The following are the top stories in the local and international press today

The Times leads with a story on Arriva in which it quotes bendy bus drivers flagging the lack of safety features on these buses. In another story, Enemalta says it has no agreement with other suppliers to fix the price of diesel.

The Independent leads with a story on the Sliema New Year murders saying that questions remained unanswered. In another story, it says that Medavia’s role during the crisis in Libya was being defended by the company’s employees and other people.

L-Orizzont leads with the Dissett saga between Public Broadcasting Services and the Broadcasting Authority. In another story, it says that a Transport Malta official was also involved in a money laundering investigation by the Italian police.

In-Nazzjon says that this year should be another good one for the economy. It also speaks about an increase in accessibility and spaces in Valletta.

The international press

The International Monetary Fund has said that US action to avoid the fiscal cliff did not go far enough to address the country's long-term fiscal deficit and debt problems. The Financial Times quotes a statement by IMF spokesman Gerry Rice saying more remains to be done to put US public finances back on a sustainable path without harming the still fragile recovery.

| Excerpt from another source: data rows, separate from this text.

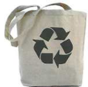
Reusable bags will be encouraged for Grass Valley shoppers.
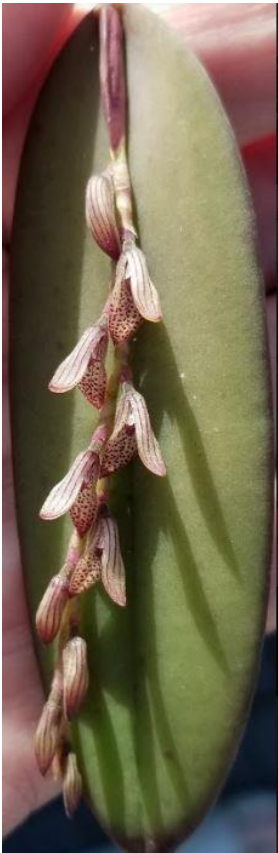
Pleurotyallis pubescens Novice: 1 st Place Grown by Carol Basset
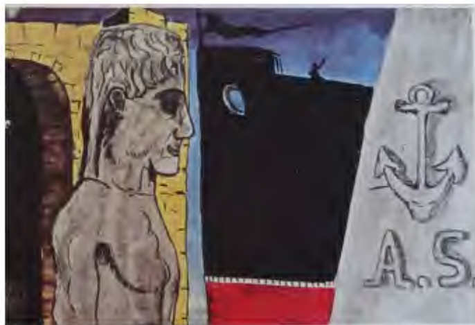
Figure 4. Alberto Savinio, "Le Départ des Argonautes" [The Departure of the Argonaut] (1925–26). Cardboard and tempera on paper, 5.9 x 8.7 in. (14.2 x 22 cm). Private Collection, Rome.

As a result of an exploration further undertaken in the realm of symbolic portrayal, which implies research into both the sign and the self, Clemente's most evident statement – the clearest anyway – is to be found hidden at the end of the book, in the last folio: a signature in the shape of a heraldic emblem. He meticulously retraced
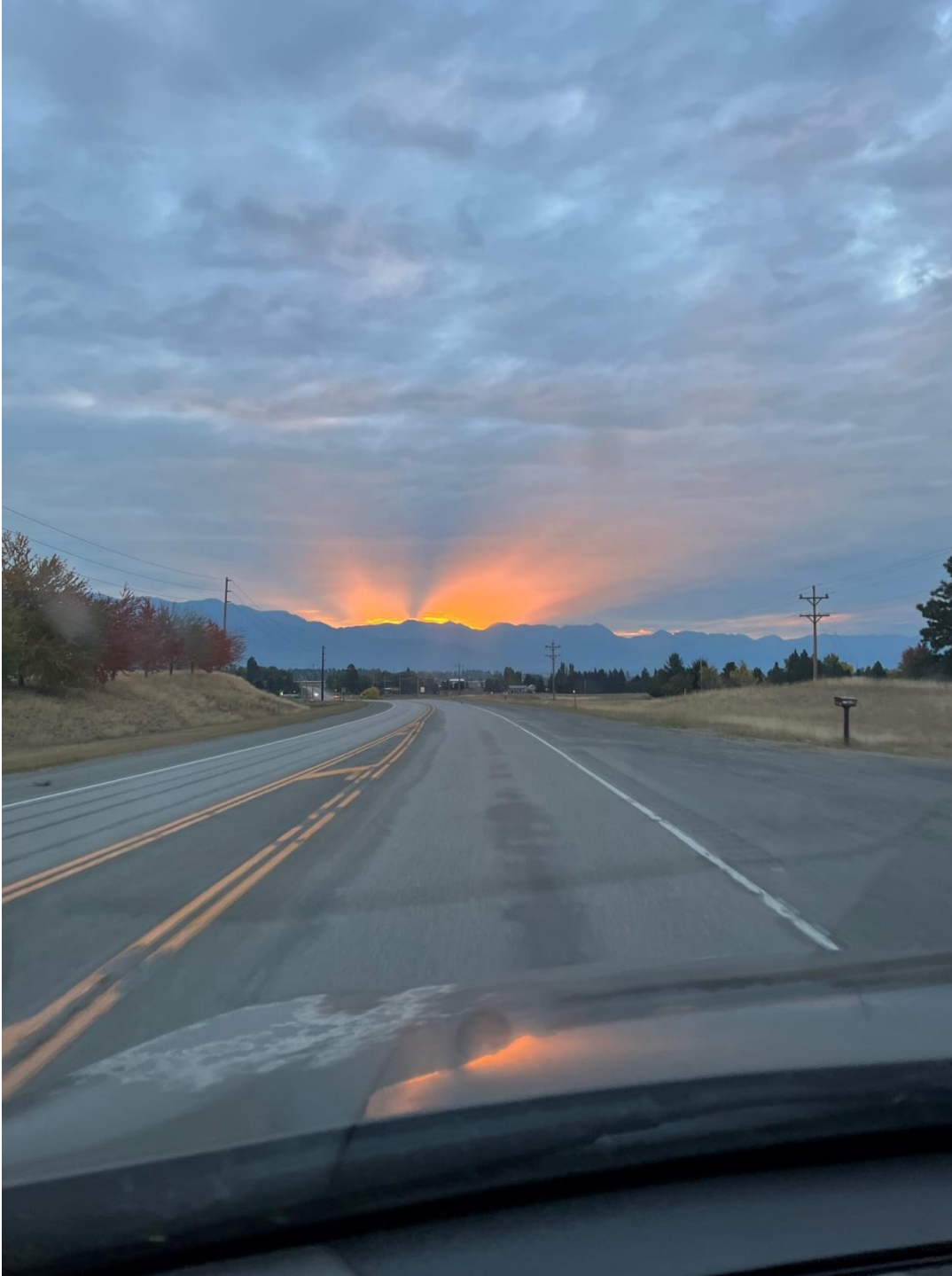
Early morning near Glacier National Park
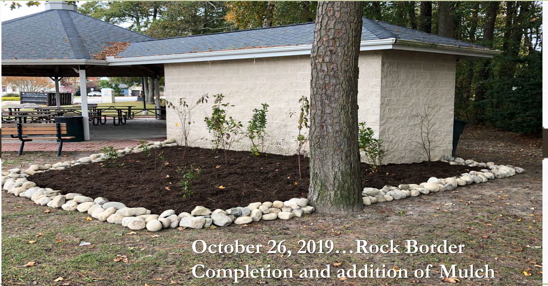
October 26, 2019...Rock Border Completion and addition of Mulch

Börzen Zeitung says the IMF reaction came as global stock markets surged almost 2.0 percent and commodity prices rallied on Wednesday after US legislators struck the deal to halt a round of automatic fiscal tightening that threatened to push the world's largest economy into recession. The deal reached on Tuesday to avert the "fiscal cliff" put off the immediate pain of tax hikes for almost all US households but did nothing to resolve other political impasses on the budget that loom in coming months.

The Italian caretaker Prime Minister, Mario Monti, has promised to cut labour taxes and attacked conservative rival Silvio Berlusconi over family values. Speaking on RAI state radio in an interview seen as the launch of his election campaign, Monti pledged to take measures to redistribute wealth in the country. In office he vowed to restore market confidence in Italy's finances.  Monti is leading a centrist coalition while not standing as a candidate himself.

At least 60,000 people have died in Syria since the start of the 21-month civil war in March 2011. The New York Times quotes UN Human Rights Commissioner Navi Pillay describing the figure as "truly shocking". News of the study's findings came out Wednesday, amid activist reports of a government airstrike near Damascus. The Syrian Observatory for Human Rights reported a fatal attack on a service station in the suburb of Maliha, saying "dozens" were killed or injured.

Sky News reports that the British Ministry of Defence has rejected claims by a warlord that Prince Harry "kills innocent Afghans while he is drunk" as "simply absurd". Gulbuddin Hekmatyar, a former Afghan prime minister who leads the militant group Hizb-i-Islami, told The Daily Telegraph that Prince Harry, who has been serving in Afghanistan since September as an Apache helicopter co-pilot, was a "jackal" who was drunk on duty. Hekmatyar founded Hizb-i-Islami, notorious for its bloody siege of Kabul in the 1990s, and is considered a terrorist by the US.

The International Business Times says South Korea has dismissed as "bland" a New Year message from North Korean leader Kim Jong-un in which he urged a lessening of tensions between the two countries. Technically, the two Koreas are still at war. South Korean unification minister Yu Woo-ik said Kim's remarks might have been aimed at new or transitional leaderships in China, Japan and South Korea, but Seoul had good historical reasons for treating peace overtures warily.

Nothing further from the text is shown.